We are so blessed to still have you with us at 78 and still so fun of love and silliness.  Plus you can fix anything which is useful. 

Happpppy Biiiiirrrrthday Dad ... see you later 

till soon
c'est la vie 

xxxx

Tuesday 24 November 2015

eisbeins, food stalls and plenty of firsts

So last week was a big week of firsts.  

First time I dyed candles with paint and oven baking to make Advent candles.  First time I made Christmas wreaths (see my previous blog) and first time I did something I thought I would never do ... make Eisbein and my last first (get it?) ran a little teeny food stall at our Church Patronal Feast Day.  The money it made was not mind blowing in the big picture. But I made money, I was able to add to the fundraising of the day and that is all that matters.  Every drop helps fill a bucket. 

What a lot of firsts I had! 

Despite the fact that my dad was born in Germany, we make very few traditional German dishes from scratch.  He came to SA when he went to High School so to date the best place for Eisbein when I was growing up was at the German Club in town.  And now it is at a restaurant in the East of Pretoria.  

The most silly of all .... I have never eaten an Eisbein until I tasted a piece of the ones I made.  Nor have I ever had any inclination to make it. 

Then the International Food Stalls were needed for the Feast Day at the Parish and I in a weird moment of bravado said to my son ... let us do a German stall with Bockwurst Rolls, Potato Salad and Sauerkraut.  A week before the big day, whilst in the Repository, a man said to me "so you obviously going to have Eisbein?" .... "yes" I said, whilst my son looked at me wide-eyed. 

Now those who know me well know that I have a pretty gung-ho attitude when it comes to doing new things ... so I started gathering prices for fully cooked and ready Eisbeins to sell on the day.  This is expensive.  Ridiculously so.  So then I struck a sweet deal with a major SA brand's factory shop and bought lovely 1kg Eisbeins - uncooked.  I went with ten. Because I had never done it before and mostly so that when they did not sell I would only have 10 lying there and not look like a complete idiot.   I also have my daughter, a professional chef, on speed dial.  She was proud that I did not have to call her. 

Let me just jump to the end of the story ..... we added up the people who came and asked if there were still Eisbeins available to have there, and to take home with them ...... if I had made 60 I would have been closer to the mark.  Live and learn ne'.  Self-confidence needs an adjustment it seems. 

So I got a kind friend to let me use their stove which can take a lot of pots at once and on Saturday afternoon I set about cooking my little round pieces of beautiful Eisbein.  I kept looking into the pot ... not sure what I was looking for, but I boiled those little buggers until they were fall apart soft.  And then stored them overnight. 

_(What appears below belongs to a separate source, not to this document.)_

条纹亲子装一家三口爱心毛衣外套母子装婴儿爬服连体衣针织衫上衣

We set up our stall with German flags, home-made posters (no I did not use glitter, I was banned for this event from glitter) and put out all our goodies.  Thank heavens for super salesmen one and two ....  my son and his friend and then a 3rd friend who joined and they really performed when it got busy.  

So I grilled the Eisbein and when my son carried it from the oven and placed it on our stall table .... we sold the ten in literally 4 minutes.  Boom.  And had to take our sign down.   I was both excited and mortified all at once. 

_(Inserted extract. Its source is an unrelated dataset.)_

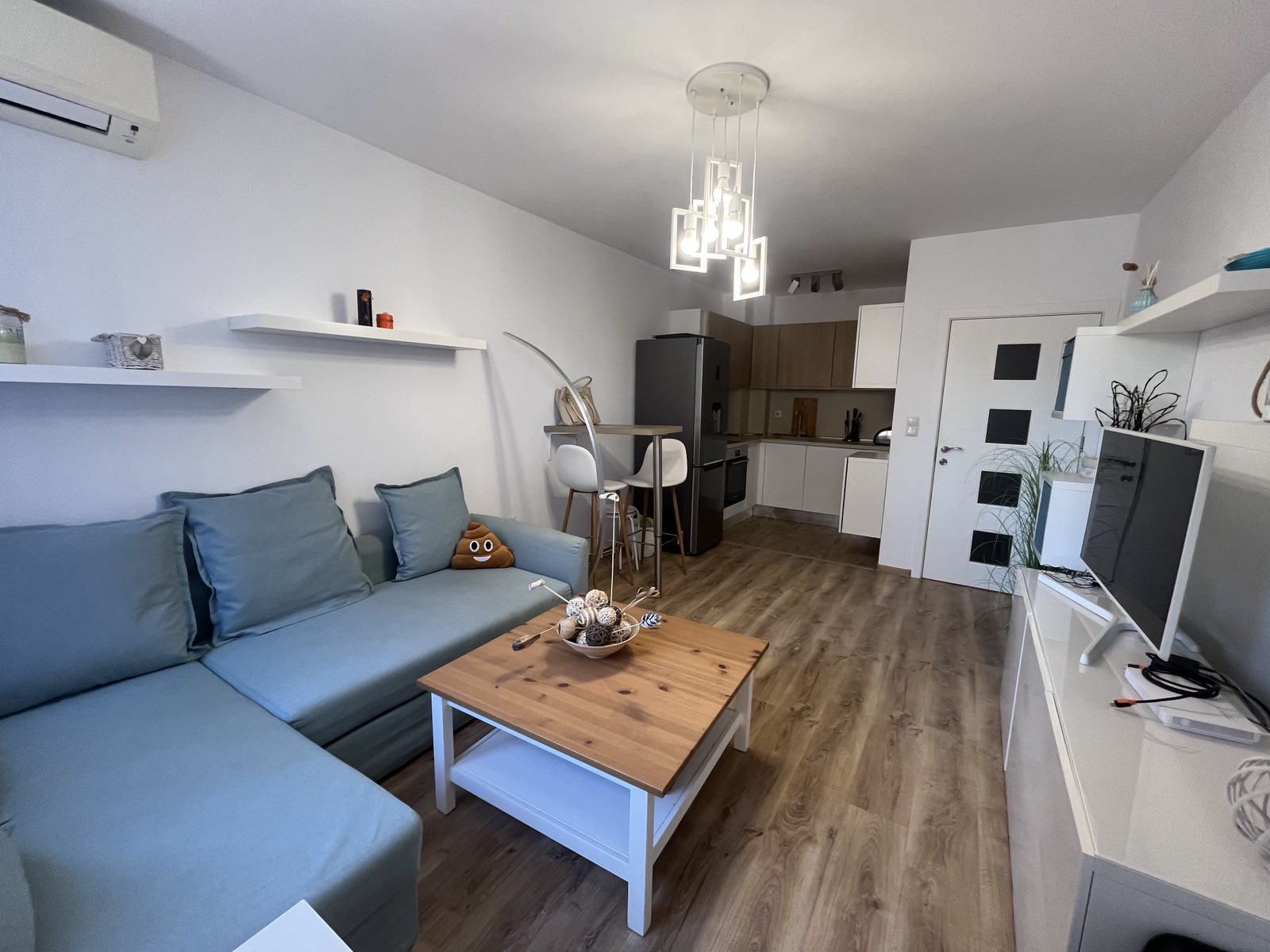 Спалня, хол с трапезария и кухненски бокс. Тераса на която се излиза от спалня и хол.

We sold lots of bockwurst and weirdly people came with their very delicious food from other stalls and asked to buy potato salad (I make mean potato salad) so all in all we did ok.  Having a stand is not something I would ever have done in the past.  

Now I have received requests to make and sell Eisbein, from a number of people.  One described it now to me on the phone as "to die for, crispy on the outside and fall apart on the inside".  Go figure - I can make Eisbein.  Dad must be grinning. 

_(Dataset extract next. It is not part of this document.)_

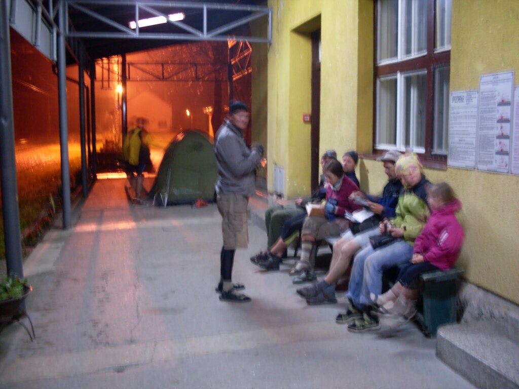Potem wieczorny przejazd do granicy (wracamy do Chorwacji) i w nocy, na stacji kolejowej Hrvatska Dubica, czekamy na busa, który czeka na grupę Heńka, który „skrócił drogę”. Zaczyna lać okrutnie – może i plany były inne, ale stacja w deszczu ma swoje zalety: jak trochę deszcz odpuszcza, to rozstawiamy namioty na trawniku koło stacji.

So the handful of people who wanted one and never got one, I will be making yours especially, as arranged, at the end of the month - and in addition I got an order for several for a dinner party.  So I am going to take on that too.  

Go figure - 4 new things in a week.  
Never too old to learn. 


me and my super awesome son, Nic


till soon
c'est la vie xxx






Thursday 19 November 2015

Me in creative mode - a tale of Advent wreaths and other pretty things

So to work out my frustrations I decided to turn to creativity.  It was either that or boxing but my son's punching bag and I had a small incident when it swung back towards me recently.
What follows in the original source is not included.